For the sake of simplicity, let's assume $C_{p,q} = 0$ whenever $p < 0$ or $q < 0$. Note, the result is still true without this assumption.
Let $x \in \operatorname{Tot}_n(C_{\bullet,\bullet}) = \bigoplus_{p+q=n}C_{p,q}$, then $x = x_{n,0} + x_{n-1,1} + \dots + x_{0,n}$ where $x_{p,q} \in C_{p,q}$. Applying the differential $d$ to $x$ gives $dx \in \operatorname{Tot}_{n-1}(C_{\bullet,\bullet})$ given by
\begin{align*}
dx &= d(x_{n,0} + x_{n-1,1} + \dots + x_{0,n})\\
&= d_{n,0}x_{n,0} + d_{n-1,1}x_{n-1,1} + \dots + d_{0,n}x_{0,n}\\
&= d^h_{n,0}x_{n,0} + d^v_{n,0}x_{n,0} + d^h_{n-1,1}x_{n-1,1} + d^v_{n-1,1}x_{n-1,1} + \dots + d^h_{0,n}x_{0,n} + d^v_{0,n}x_{0,n}\\
&= d^h_{n,0}x_{n,0} + 0 + d^h_{n-1,1}x_{n-1,1} + d^v_{n-1,1}x_{n-1,1} + \dots + 0 + d^v_{0,n}x_{0,n}\\
&= (d^h_{n,0}x_{n,0} + d^v_{n-1,1}x_{n-1,1}) + \dots + (d^h_{1,n-1}x_{1,n-1} + d^v_{0,n}x_{0,n}).\\
\end{align*}
That is, $dx \in \operatorname{Tot}_{n-1}(C_{\bullet, \bullet})$ and for $r, s \geq 0$ with $r + s = n - 1$, $(dx)_{r,s} = d^h_{r+1,s}x_{r+1,s} + d^v_{r,s+1}x_{r,s+1}$.

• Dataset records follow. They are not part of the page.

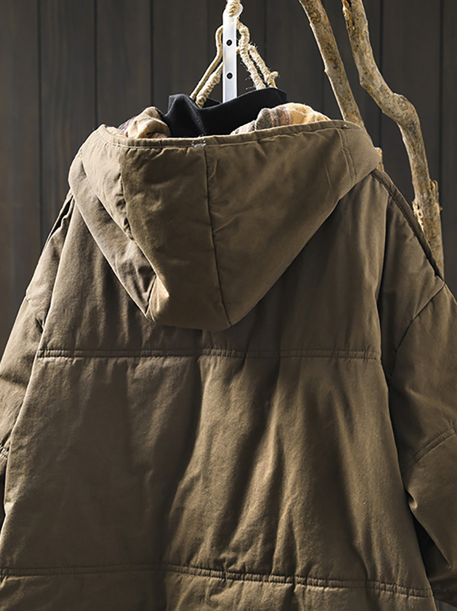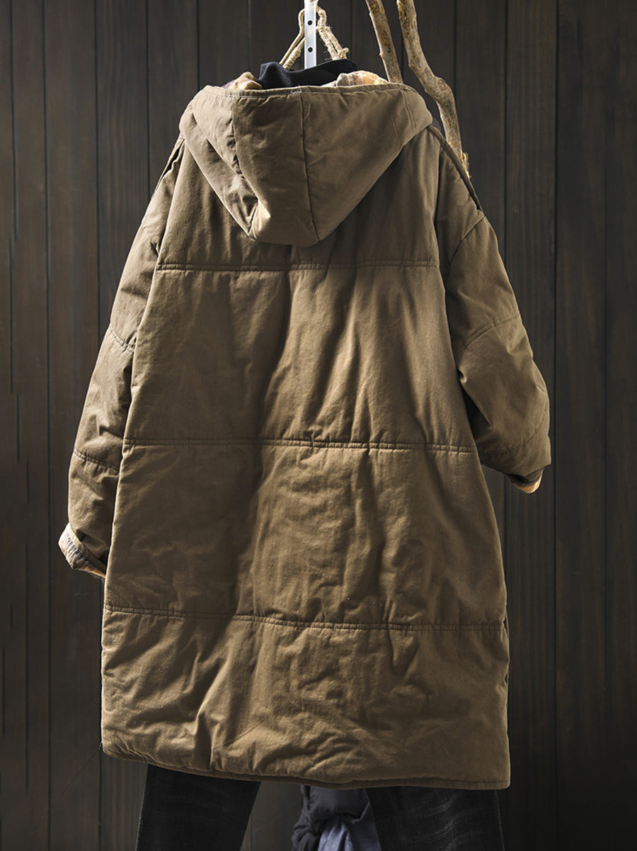 Kvinder Vinter Pure Color Hættepolstret frakke
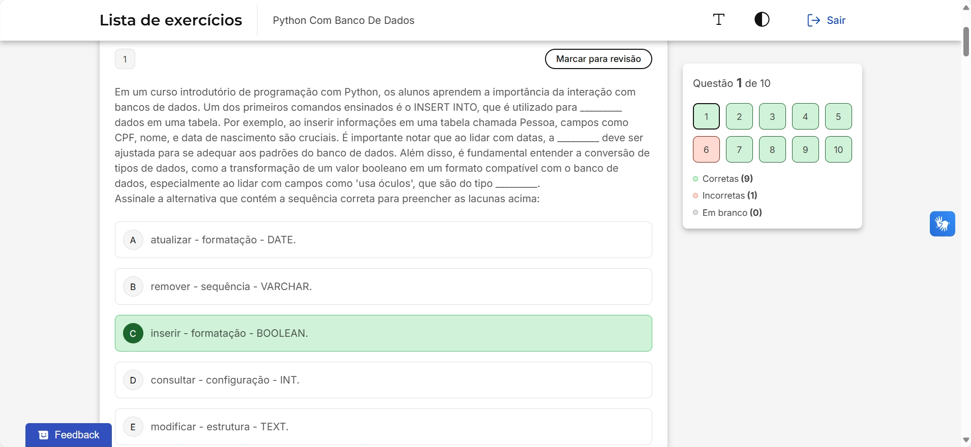 Lista de exercícios Python Com Banco De Dados T Sair 1 Marcar para revisão Questão 1 de 10 Em um curso introdutório de programação com Python, os alunos aprendem a importância da interação com bancos de dados. Um dos primeiros comandos ensinados é o INSERT INTO, que é utilizado para 1 2 3 4 5 dados em uma tabela. Por exemplo, ao inserir informações em uma tabela chamada Pessoa, campos como CPF, nome, e data de nascimento são cruciais. É importante notar que ao lidar com datas, a deve ser ajustada para se adequar aos padrões do banco de dados. Além disso, é fundamental entender a conversão de 6 7 8 9 10 tipos de dados, como a transformação de um valor booleano em um formato compatível com o banco de Corretas (9) dados, especialmente ao lidar com campos como 'usa óculos', que são do tipo Assinale a alternativa que contém a sequência correta para preencher as lacunas acima: Incorretas (1) Em branco (0) A atualizar - formatação - DATE. B remover - sequência - VARCHAR. C inserir - formatação - BOOLEAN. D consultar - configuração - INT. E modificar - estrutura - TEXT. Feedback
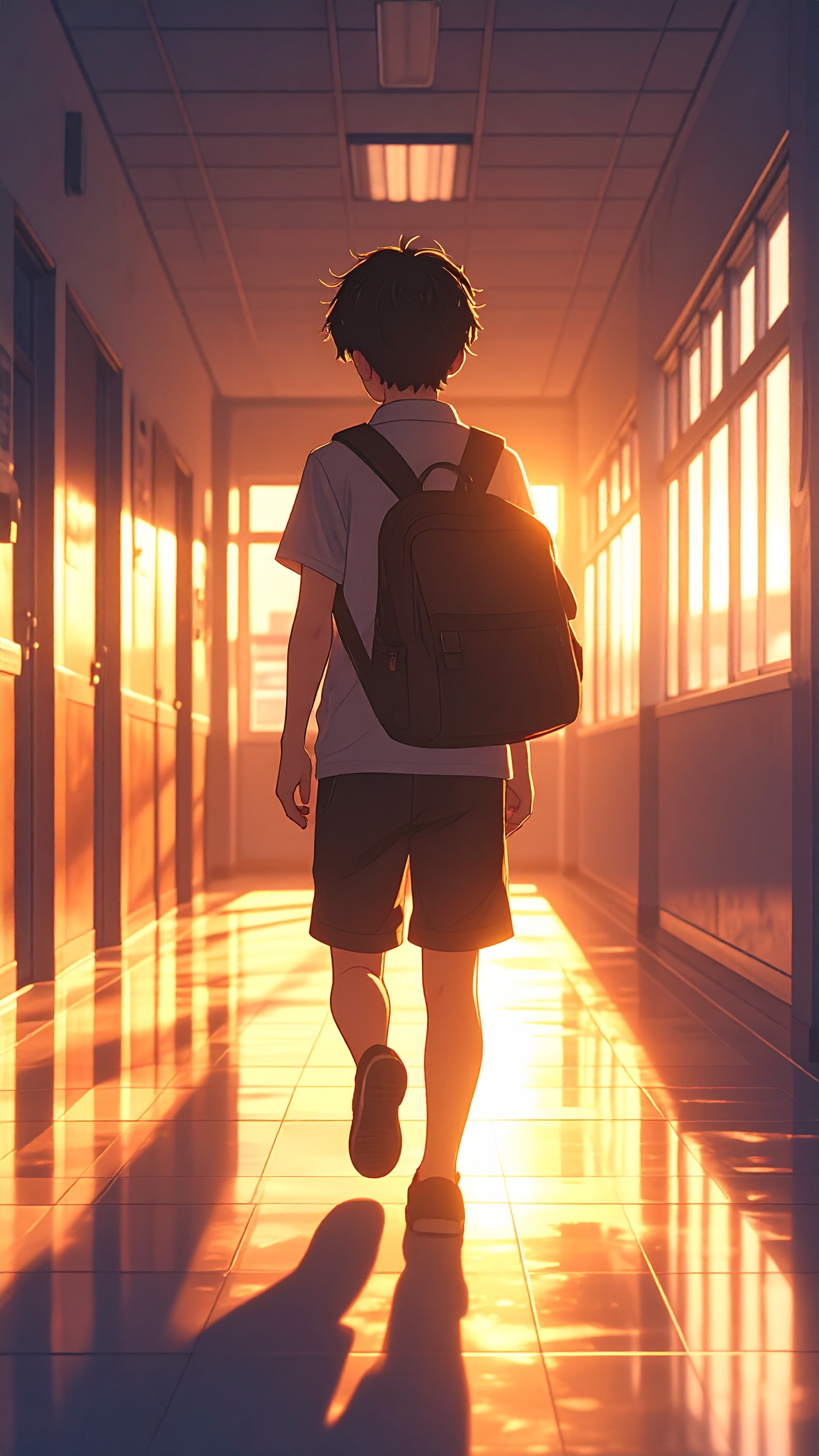 Sad Anime Boy Walking Through Empty School Hallway at Sunset Long Shadows Warm But Melancholic Light Emotional Atmosphere Detailed Background Leave a Comment / Anime / By DOWNLOAD wallpaper anime wallpaper anime 4k wallpaper anime hd wallpaper anime hd 4k wallpaper anime girl wallpaper anime aesthetic
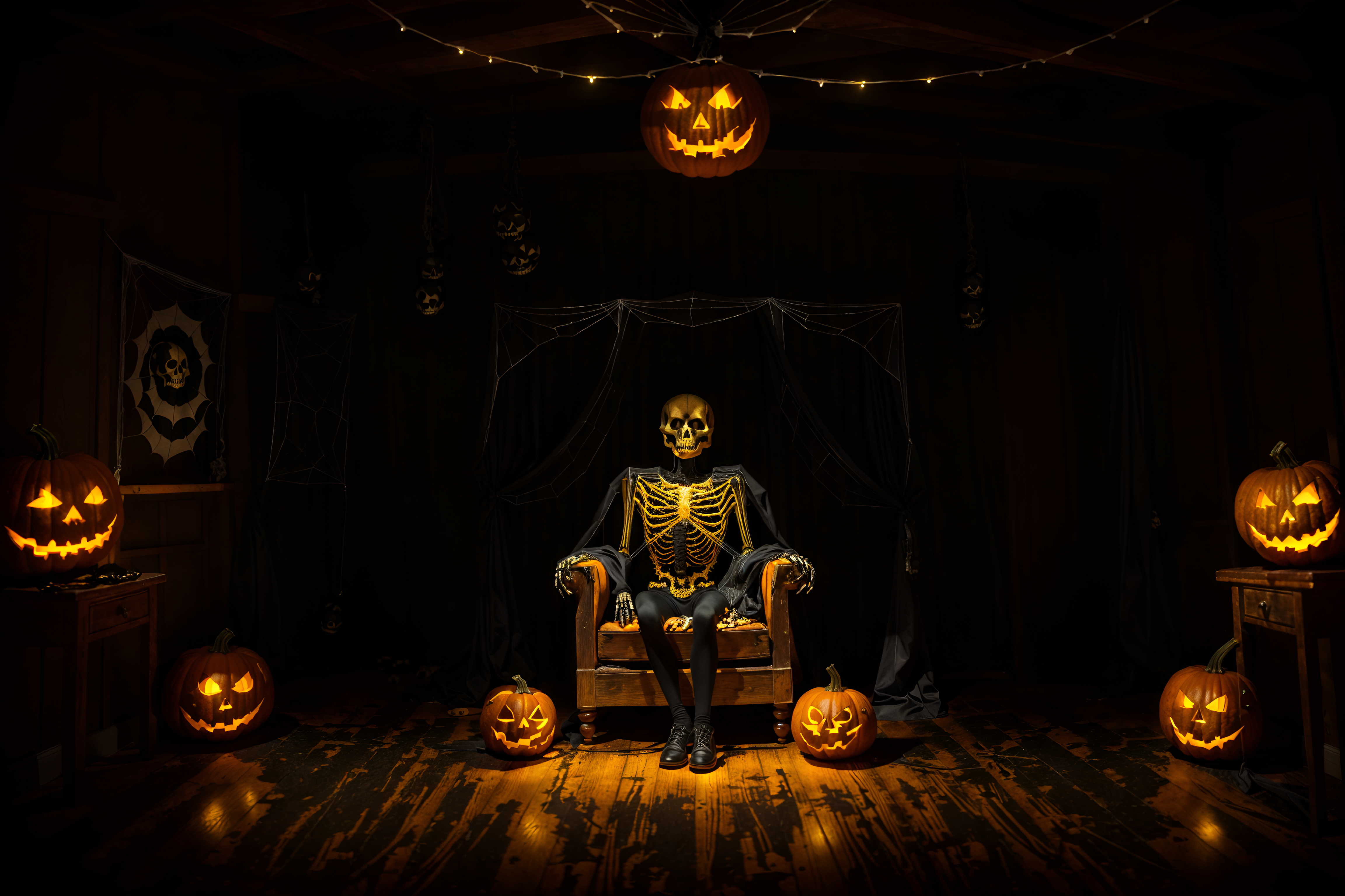 photo from pinterest of halloween-style interior designed (attic interior) . with glowing pumpkins and human skulls and yellow black balloons and cobwebs and lanterns and lanterns and spiderwebs and skeletons sitting and standing. . cinematic photo, highly detailed, cinematic lighting, ultra-detailed, ultrarealistic, photorealism, 8k. trending on pinterest. halloween interior design style. masterpiece, cinematic light, ultrarealistic+, photorealistic+, 8k, raw photo, realistic, sharp focus on eyes, (symmetrical eyes), (intact eyes), hyperrealistic, highest quality, best quality, , highly detailed, masterpiece, best quality, extremely detailed 8k wallpaper, masterpiece, best quality, ultra-detailed, best shadow, detailed background, detailed face, detailed eyes, high contrast, best illumination, detailed face, dulux, caustic, dynamic angle, detailed glow. dramatic lighting. highly detailed, insanely detailed hair, symmetrical, intricate details, professionally retouched, 8k high definition. strong bokeh. award winning photo.
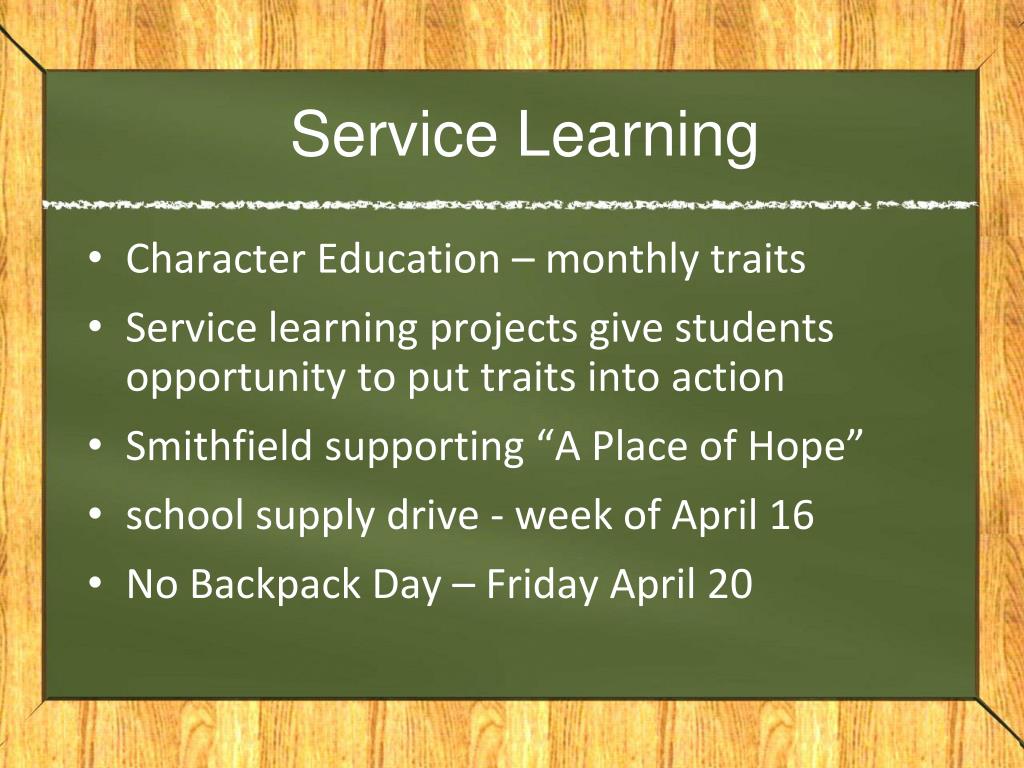 Service Learning Character Education – monthly traits Service learning projects give students opportunity to put traits into action Smithfield supporting “A Place of Hope” school supply drive - week of April 16 No Backpack Day – Friday April 20
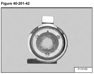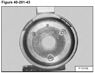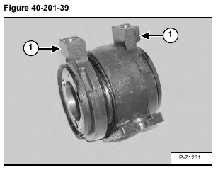 Apply inward pressure on the piston and install the retaining ring (Item 1) [Figure 40-201-34].
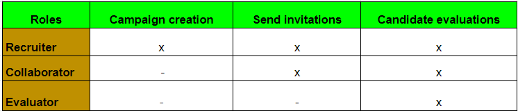 - Recruiter: Create the campaigns, invite the candidates and evaluate them.
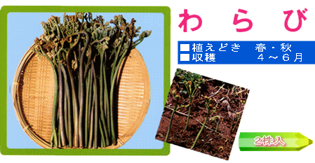| 1.ワラビやゼンマイ等と同じシダの仲間で、代表的な山菜の一つ。 |
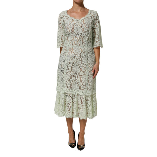 Dolce & Gabbana Mint Green Floral Lace Trim Midi Dress
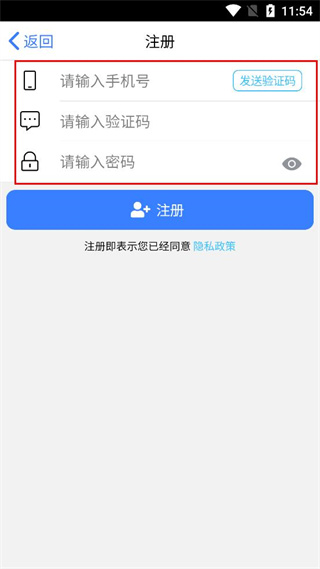 2、进入注册页面后,在手机号输入框填写个人号码,点击发送验证码按钮获取验证码。
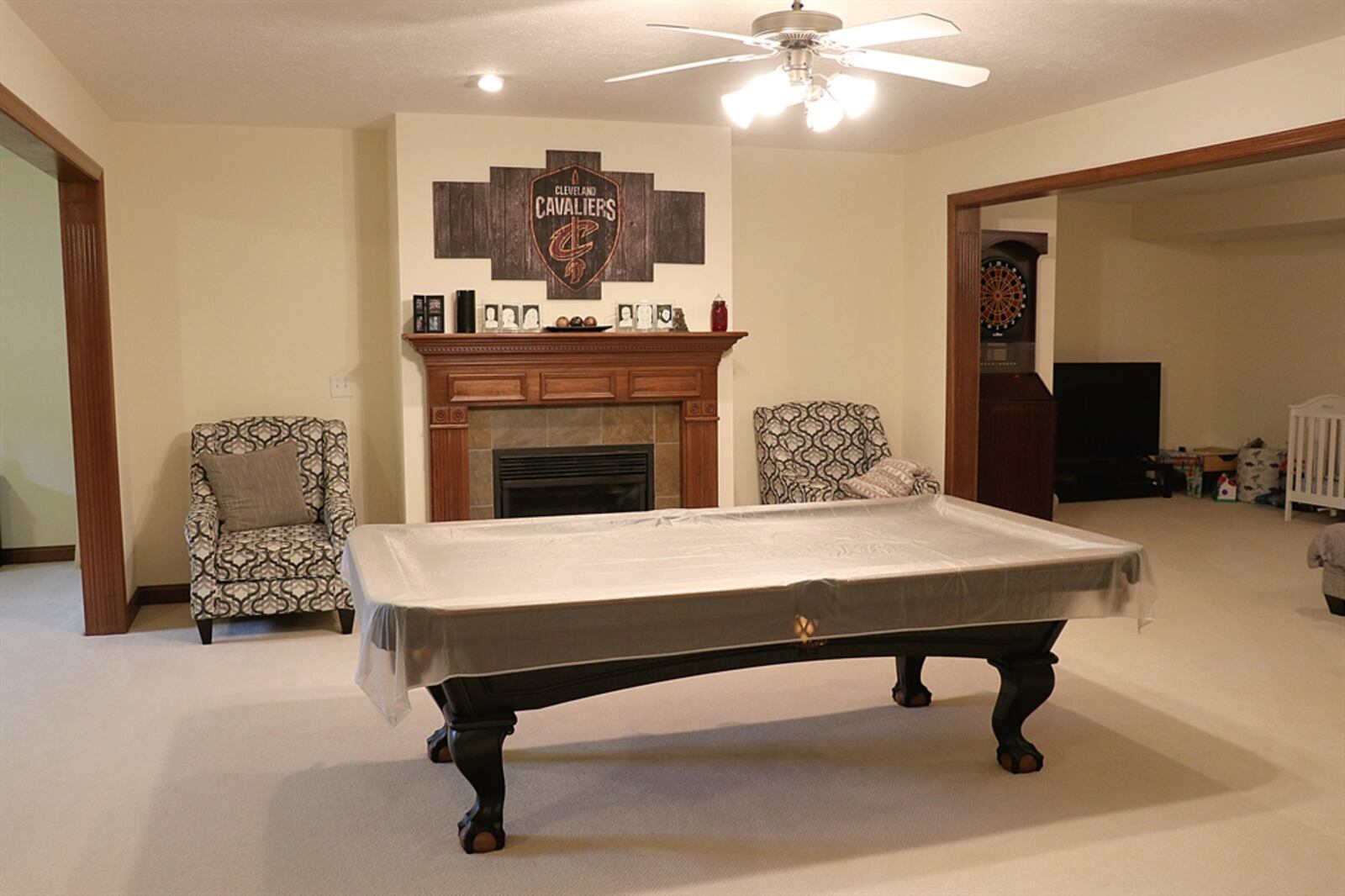 Wooden spindles accent the open stairwell to the lower level. The stairwell opens into a large space divided into three possible settings — including a family room, media room and recreation room. A gas fireplace with tile hearth and wood mantel is at the center of the family room and can be enjoyed from all three areas. The recreation room has the double glass patio doors that open out to a small side-yard patio.

For $y = y_{n-1,0} + y_{n-2,1} + \dots + y_{0,n-1} \in \operatorname{Tot}_{n-1}(C_{\bullet,\bullet})$ the same calculation shows that $dy \in \operatorname{Tot}_{n-2}(C_{\bullet,\bullet})$ with $(dy)_{t,u} = d^h_{t+1,u}y_{t+1,u} + d^v_{t,u+1}y_{t,u+1}$ for any $t, u \geq 0$ with $t + u = n-2$. Taking $y = dx$, we get
\begin{align*}
(d(dx))_{t,u} &= d^h_{t+1,u}(dx)_{t+1,u} + d^v_{t,u+1}(dx)_{t,u+1}\\
&= d^h_{t+1,u}(d^h_{t+2,u}x_{t+2,u} + d^v_{t+1,u+1}x_{t+1,u+1}) + d^v_{t,u+1}(d^h_{t+1,u+1}x_{t+1,u+1} + d^v_{t,u+2}x_{t,u+2})\\
&= d^h_{t+1,u}d^h_{t+2,u}x_{t+2,u} + d^h_{t+1,u}d^v_{t+1,u+1}x_{t+1,u+1} + d^v_{t,u+1}d^h_{t+1,u+1}x_{t+1,u+1} + d^v_{t,u+1}d^v_{t,u+2}x_{t,u+2}\\
&= d^h_{t+1,u}d^h_{t+2,u}x_{t+2,u} + (d^h_{t+1,u}d^v_{t+1,u+1} + d^v_{t,u+1}d^h_{t+1,u+1})x_{t+1,u+1} + d^v_{t,u+1}d^v_{t,u+2}x_{t,u+2}\\
&= 0
\end{align*}
and therefore $d(dx) = 0$, i.e. $d^2 = 0$.